--- MATERIALS PROVIDED ---
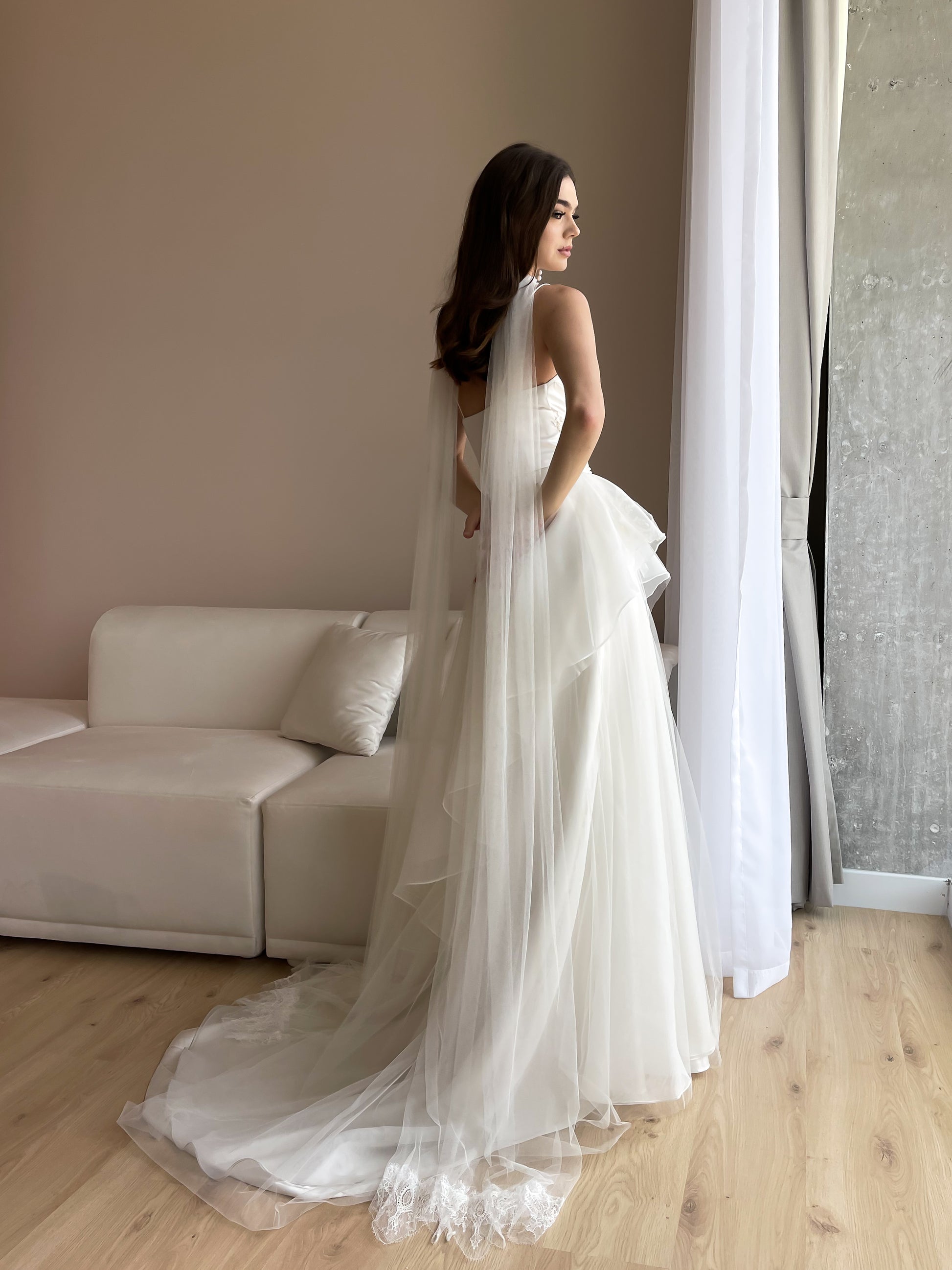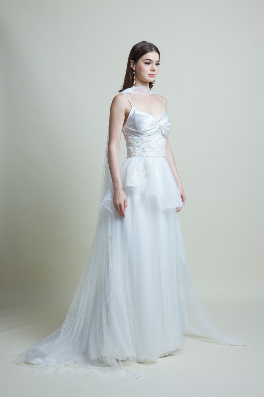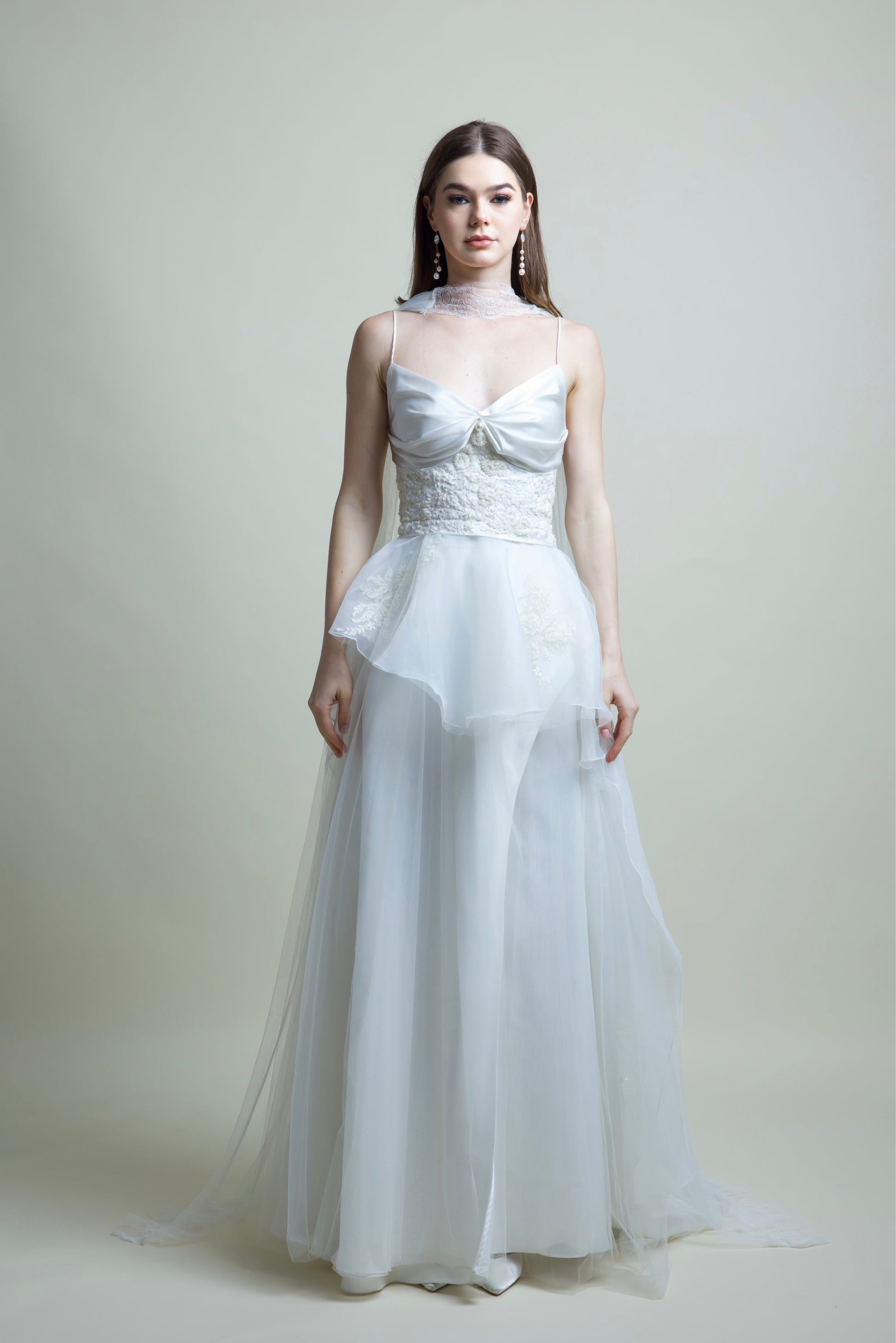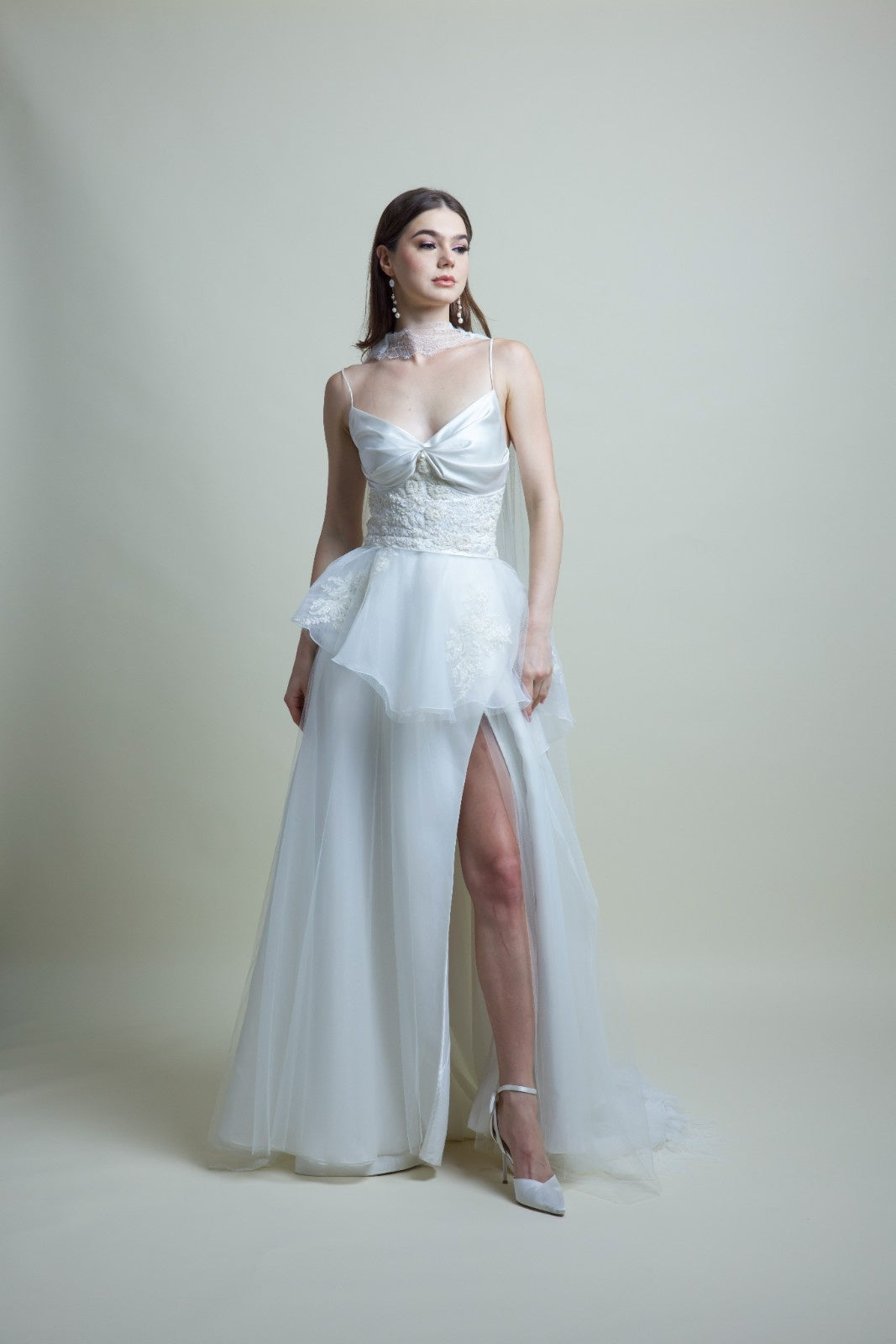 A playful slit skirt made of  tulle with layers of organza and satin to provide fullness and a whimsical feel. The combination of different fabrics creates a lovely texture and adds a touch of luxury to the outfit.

* * *

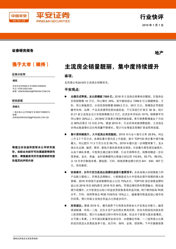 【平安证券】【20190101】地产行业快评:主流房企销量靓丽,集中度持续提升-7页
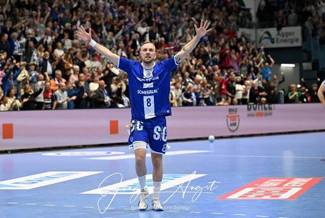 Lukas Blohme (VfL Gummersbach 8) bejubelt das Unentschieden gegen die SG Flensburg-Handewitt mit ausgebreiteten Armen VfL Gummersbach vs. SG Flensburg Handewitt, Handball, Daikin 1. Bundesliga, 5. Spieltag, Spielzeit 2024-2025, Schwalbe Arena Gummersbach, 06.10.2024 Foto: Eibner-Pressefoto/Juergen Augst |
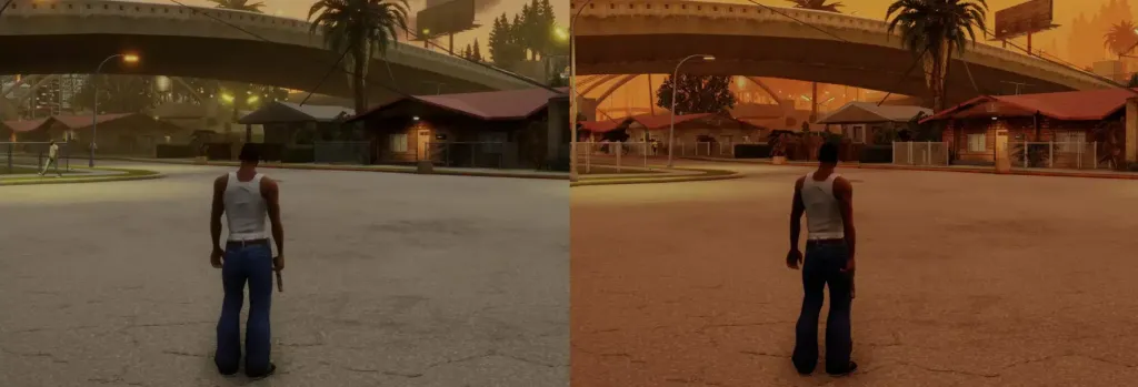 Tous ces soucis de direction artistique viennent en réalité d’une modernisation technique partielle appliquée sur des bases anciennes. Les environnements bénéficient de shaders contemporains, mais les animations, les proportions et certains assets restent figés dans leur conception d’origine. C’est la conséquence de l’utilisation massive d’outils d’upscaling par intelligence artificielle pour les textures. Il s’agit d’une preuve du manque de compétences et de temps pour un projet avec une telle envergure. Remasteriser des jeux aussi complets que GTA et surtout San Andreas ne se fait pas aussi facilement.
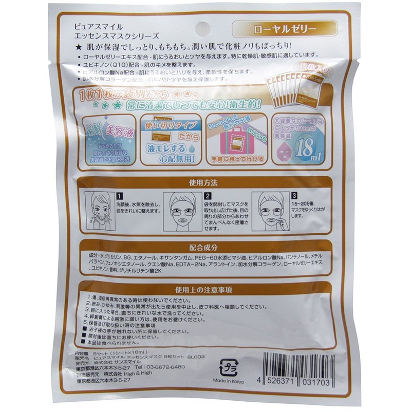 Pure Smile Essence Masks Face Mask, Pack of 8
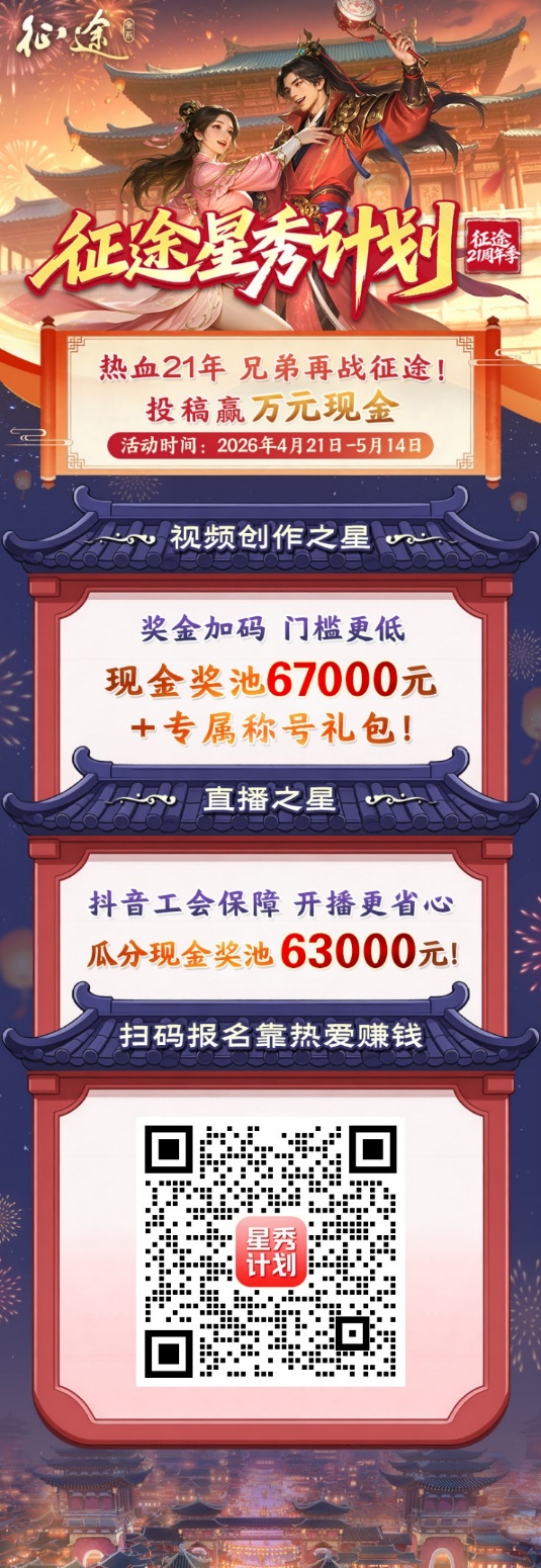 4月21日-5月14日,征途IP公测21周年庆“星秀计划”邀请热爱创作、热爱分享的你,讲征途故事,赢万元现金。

--- EXERCISE REQUIREMENTS ---
Copy out exactly the material that runs from the line with "Pure Smile Essence" to the line with "4月21日-5月14日,征途", ends included, and leave the pictures behind.

--- WRITTEN RESPONSE ---
 Pure Smile Essence Masks Face Mask, Pack of 8
 4月21日-5月14日,征途IP公测21周年庆“星秀计划”邀请热爱创作、热爱分享的你,讲征途故事,赢万元现金。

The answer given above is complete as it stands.